Knitting, thus, remains fun and a practice for self-reflection. With each row, I notice something about myself I try to work with in between each stitch.

When I began to knit, I wanted to have fun. I have my infinity blanket and practice pattern swatch to knit and try new things. On them, I hardly make any errors and knit along while listening to podcasts or partaking in conversations. Knitting those two projects is fun. The mitts, not so. They are becoming a chore perhaps because I want to knit perfectly. Every time I see a error, I get upset and wonder what I’m doing. Every time I end up with more stitches than what the pattern calls for, I feel like I haven’t made any progress.

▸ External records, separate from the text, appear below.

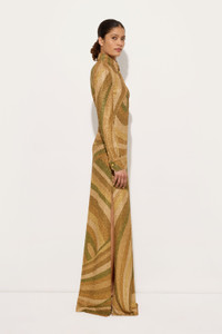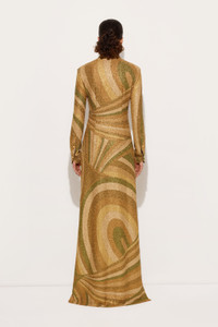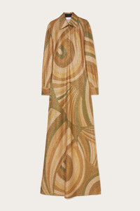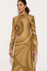 Sleek lines and bright details define this fitted dress, designed to elegantly enhance the figure. The pointed collar and button closure at the front evoke retro elegance, while the Iride print unfolds in dynamic waves and concentric arcs that add energy and movement to the look. The lame jersey, interwoven with golden metallic threads, creates a shiny, vibrant effect, perfect for special occasions. - To offer you a unique Pucci garment, we use an all-over print that makes the product unrepeatable. Therefore, the pattern print may vary from the one displayed in the photo. - Gold - Jersey lame with interwoven metallic threads - 73% viscose, 17% metallic fiber, 10% polyamide - Pointed collar - Long sleeves - Slim fit - Decorative buttons - Dry clean only - Made in Italy - ID: 5UJI655U867993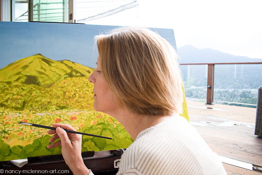 Nancy McLennon was born and raised in Western Michigan. As a child, she loved wandering in nearby woods, daydreaming, and dipping her toes in the little streams. Color and drawing were her childhood passions and from the age of five, she knew she wanted to be a professional artist. This dream lead her to obtain her undergraduate degree from Kendall College of Art and Design, where she studied with many professors, and Fine Artists, Jon McDonald. and (the late) Curtis Johnson. Nancy enjoys living on an insanely steep hillside, where she can view and paint Mt. Tamalpais! She regularly paints the iconic landscape. It inspires her to wake up and paint God’s creation right outside of her window.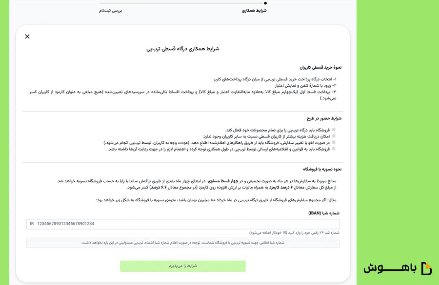 به آدرس https://panel.torob.com/s/torobpayRegisteration بروید و روی گزینه «فعالسازی درگاه قسطی تربپی» کلیک کنید.

I keep forgetting, at the moment, that part of what I’m trying to learn is to let go of this need to do things perfectly. I remind myself not to compare and expect to knit like others who have been at it for years. As I pull the yarn, I imagine myself to be the old woman of Lakota lore who wakes up every morning to find her knitting work undone, lest the world comes to an end the moment she knits her last stitch.

So I grunt and Argh at every mistake I make, but I try to learn something in the process. I’ve learned two diffrent types of casting-on to needles in addition to the Long-Tail. I’ve begun using circular knitting needles for my work and enjoy their compact size and efficacy. I’ve decided to start working on a shawl for my mother, in addition to the mitts, as a long term project. I’ve begun to develop my yarn-snob attitude and look down on synthetic fabrics from MegaCrafts stores.

Knitting, thus, remains fun and a practice for self-reflection. With each row, I notice something about myself I try to work with in between each stitch. Each row may be devoted to my wanting to knit perfectly, or to my frustration of not getting every stitch right. While knitting, I feel the real me slowly come out of his shell and assert himself. Last weekend, during a family lunch, I took up my knitting on the couch while the rest of the the men-folk watched a soccer game and no one said a word about it. Except my brother in law who asked, “What’s that you’re doing?” Knitting, I said. “But why,” he asked again. Because in all the years you’ve known me, haven’t I always done something crazy? I’m just taking it up a notch just to keep you on your toes. He nodded and said, “You certainly have.” And we left it at that.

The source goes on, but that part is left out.